Picking your cohort visualization

Or, 'When Area Charts Mislead'

I sea what you did there

 

 

Slideshow intro

When I wrote my first post about measuring gamification, I used stacked area charts to visualize cohort analysis. Then, I came across this post by someone smarter. Here's what I learned.

Stacked area

cohorts plotted as an area graph

Here, I intended to show that while the value being measured is basically level overall, the desirable cohorts within it are trending drastically downward. As such, it gets the job done, but there's an important reason this isn't the right graph for real-world applications.

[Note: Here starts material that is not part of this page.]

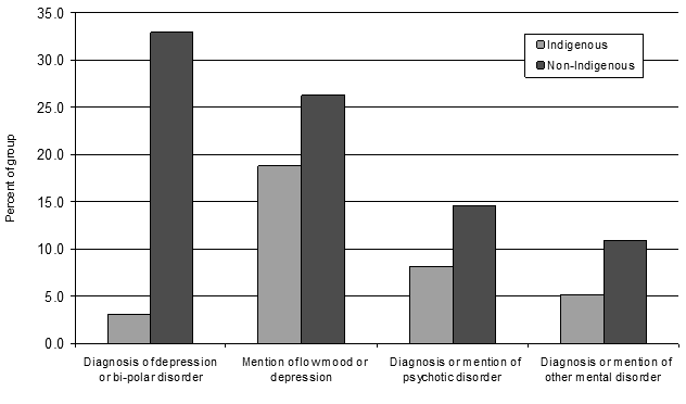 The greatest difference between Indigenous and non-Indigenous cases was for cases in which there was evidence of a diagnosis or treatment for major depressive disorder or bi-polar disorder. For example:
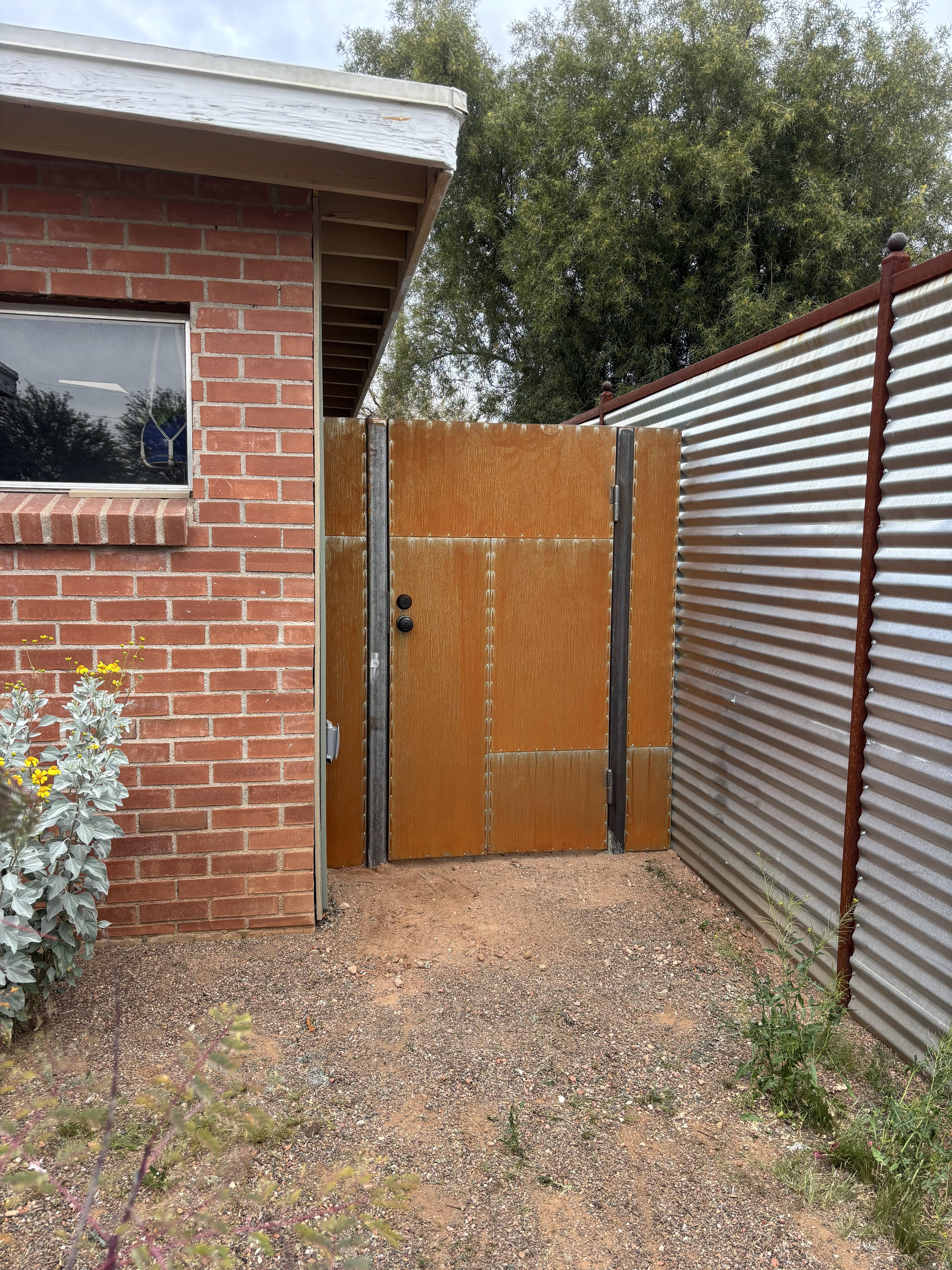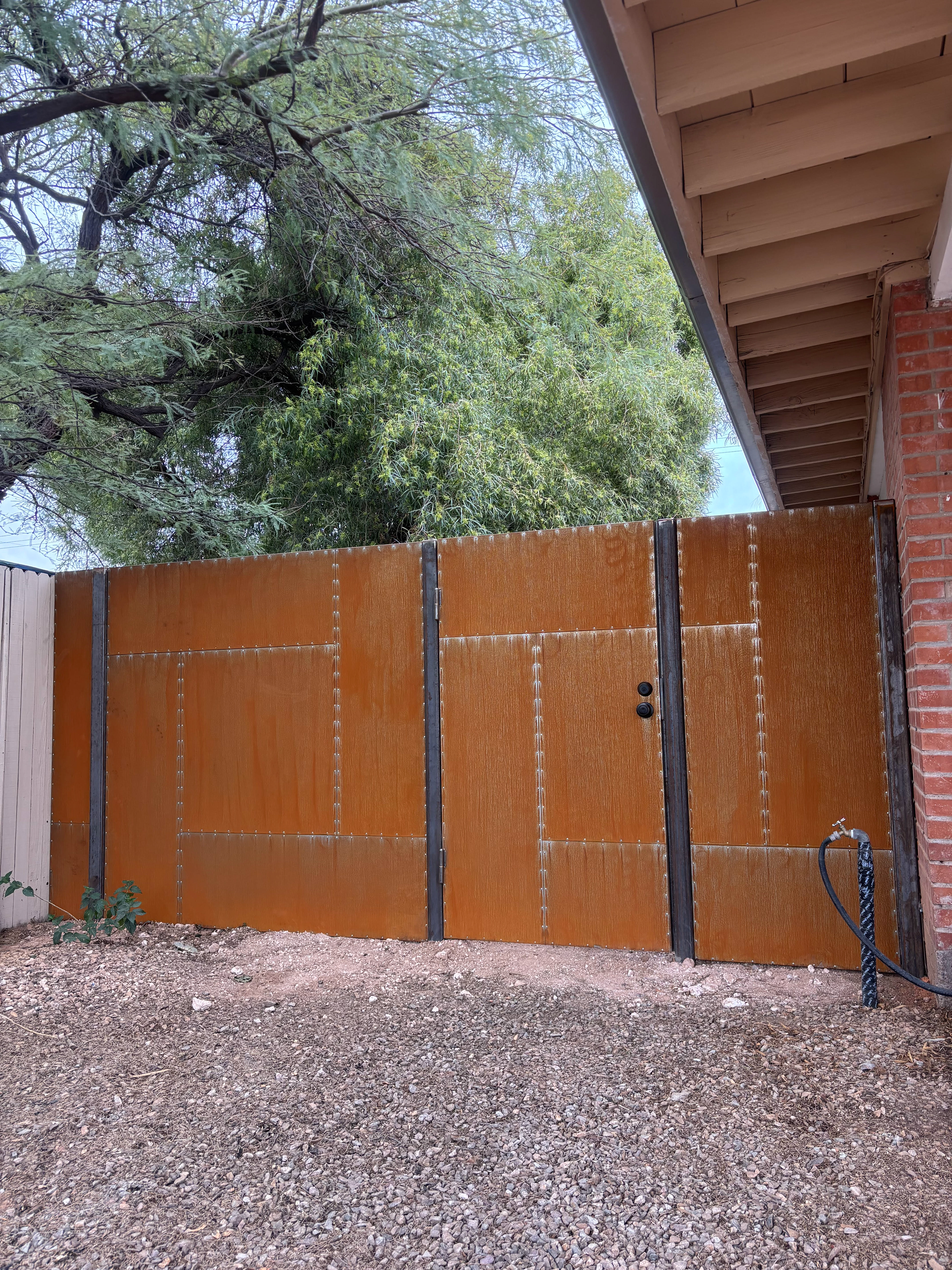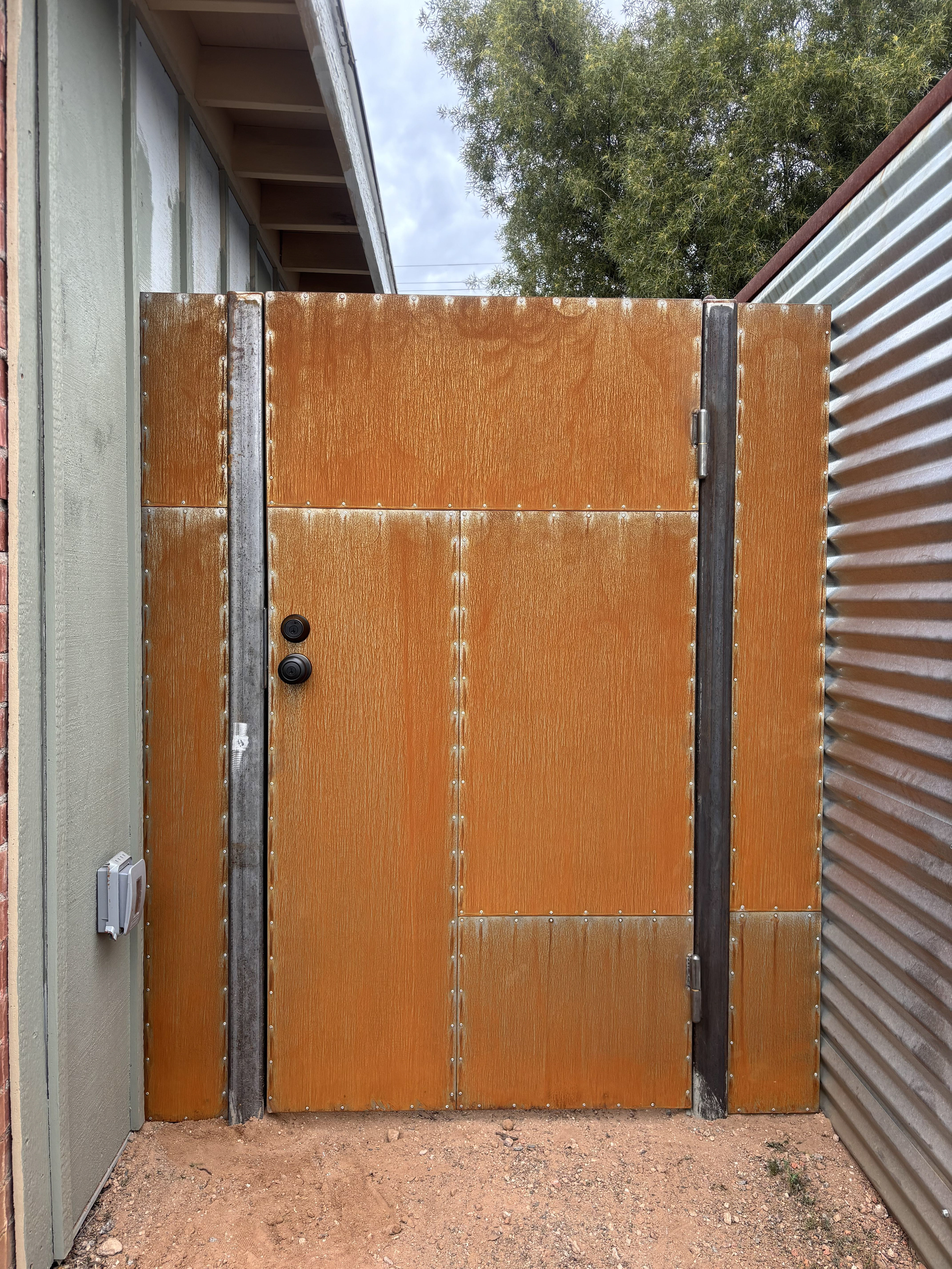 Solid steel fence and gates with aluminum rivets and a rust finish that will continue to rust naturally.

Stacked area, as perceived

the area graph showing why we naturally misread it

The issue is that our eye tends to compare the thickness of strata at a diagonal based on the apparent slope. This is exacerbated by the fact that our datapoints are pretty far apart in terms of pixels. This on-the-bias bias might be okay for real-time APM products with their closely-spaced samples, but not for general business metrics.

Stacked Column

cohorts plotted in stacked columns

Stacked columns cut out the bias. It's easy to scan and see that the top cohort is growing as a proportion of the total. While the data hasn't changed, the graph is more accurate… but, it seems to lack a sense of velocity.

Column

cohorts plotted in columns

Switch to a non-stacked column graph (and decrease the maximum value on the Y-axis) and here's what you get. To my eyes, this immediately conveys velocity—and highlights outliers—while avoiding the visual bias of the area chart. But, you might lose a sense of the overall contour of how these columns sum.

Conclusion

There are some other options that could convey velocity, outliers, contour of the sum, and performance of each cohort, without suffering the bias of the stacked area chart. For instance:

  • a multiple-column chart for the cohorts (like my last example) overlaid with a line chart to show the overall trend
  • a column chart showing the total, decorated with inset pie charts to show the cohorts (though pie charts have their own issues)
  • or some kind of stockchart

I may cover some of these options in future posts. But the bottom line is that I will be avoiding the sexy stacked area chart for my cohort visualizations.